Where the line containing "Silla Pavía de" appears below, begin there and reproduce each line exactly through the last one, omitting pictures.

═════ DATA BLOCK

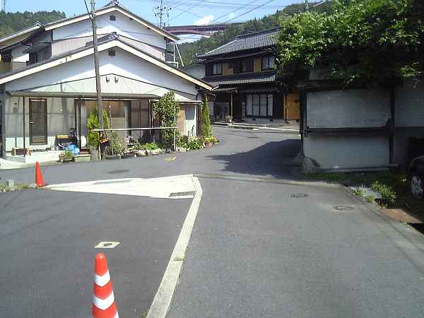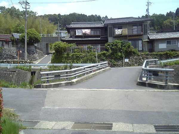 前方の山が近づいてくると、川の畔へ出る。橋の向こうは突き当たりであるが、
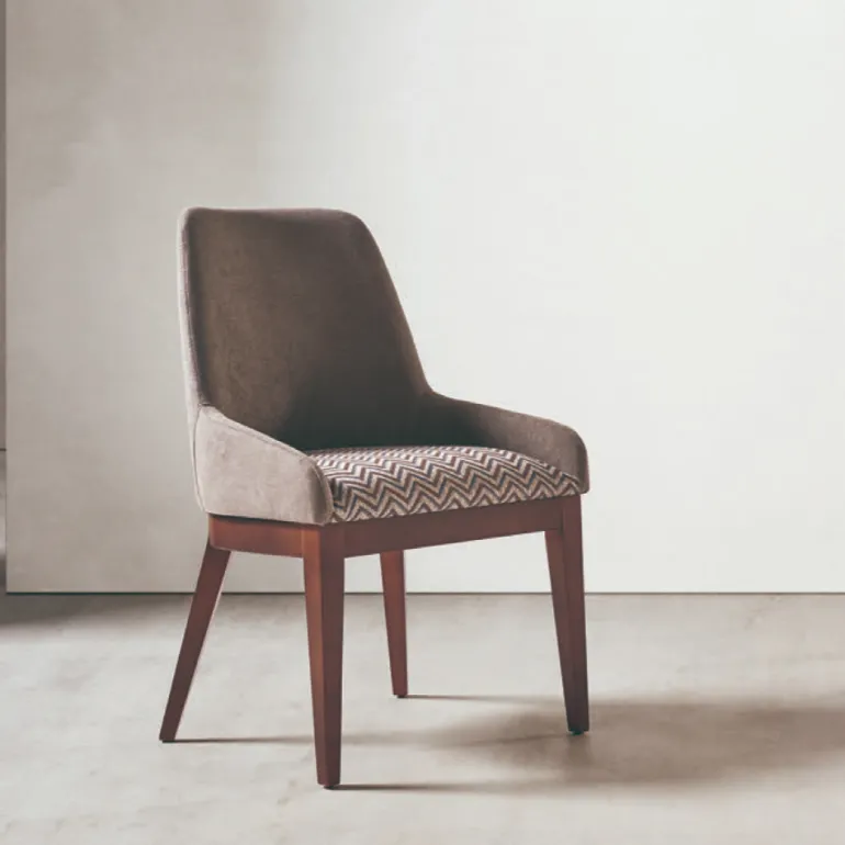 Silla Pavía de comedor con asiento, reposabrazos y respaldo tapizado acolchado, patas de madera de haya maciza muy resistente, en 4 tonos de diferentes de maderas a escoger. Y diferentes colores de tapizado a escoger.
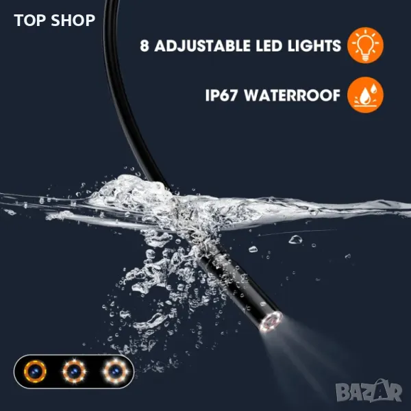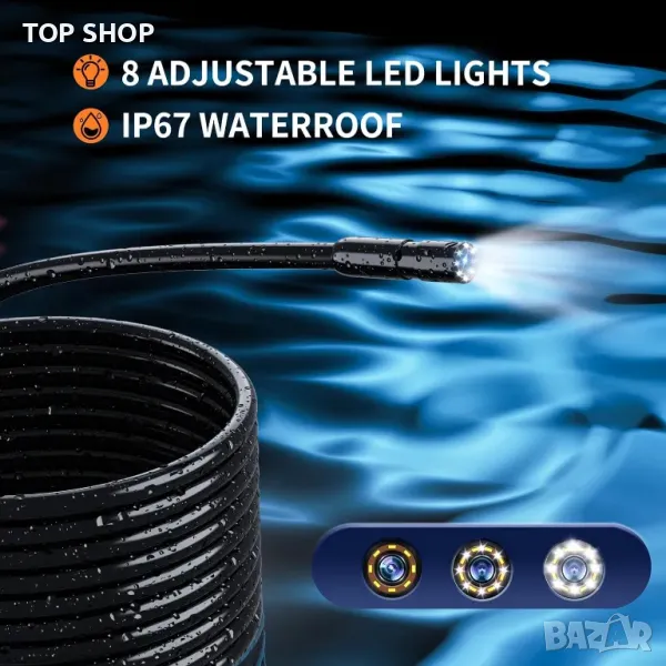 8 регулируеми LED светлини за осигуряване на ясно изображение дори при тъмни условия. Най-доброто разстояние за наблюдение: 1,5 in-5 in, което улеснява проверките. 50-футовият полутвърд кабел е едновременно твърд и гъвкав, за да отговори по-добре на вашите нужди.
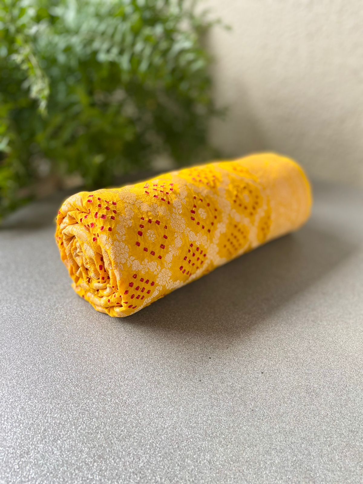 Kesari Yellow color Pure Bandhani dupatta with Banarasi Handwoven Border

══════════

### EXERCISE OUTPUT
 Silla Pavía de comedor con asiento, reposabrazos y respaldo tapizado acolchado, patas de madera de haya maciza muy resistente, en 4 tonos de diferentes de maderas a escoger. Y diferentes colores de tapizado a escoger.
 8 регулируеми LED светлини за осигуряване на ясно изображение дори при тъмни условия. Най-доброто разстояние за наблюдение: 1,5 in-5 in, което улеснява проверките. 50-футовият полутвърд кабел е едновременно твърд и гъвкав, за да отговори по-добре на вашите нужди.
 Kesari Yellow color Pure Bandhani dupatta with Banarasi Handwoven Border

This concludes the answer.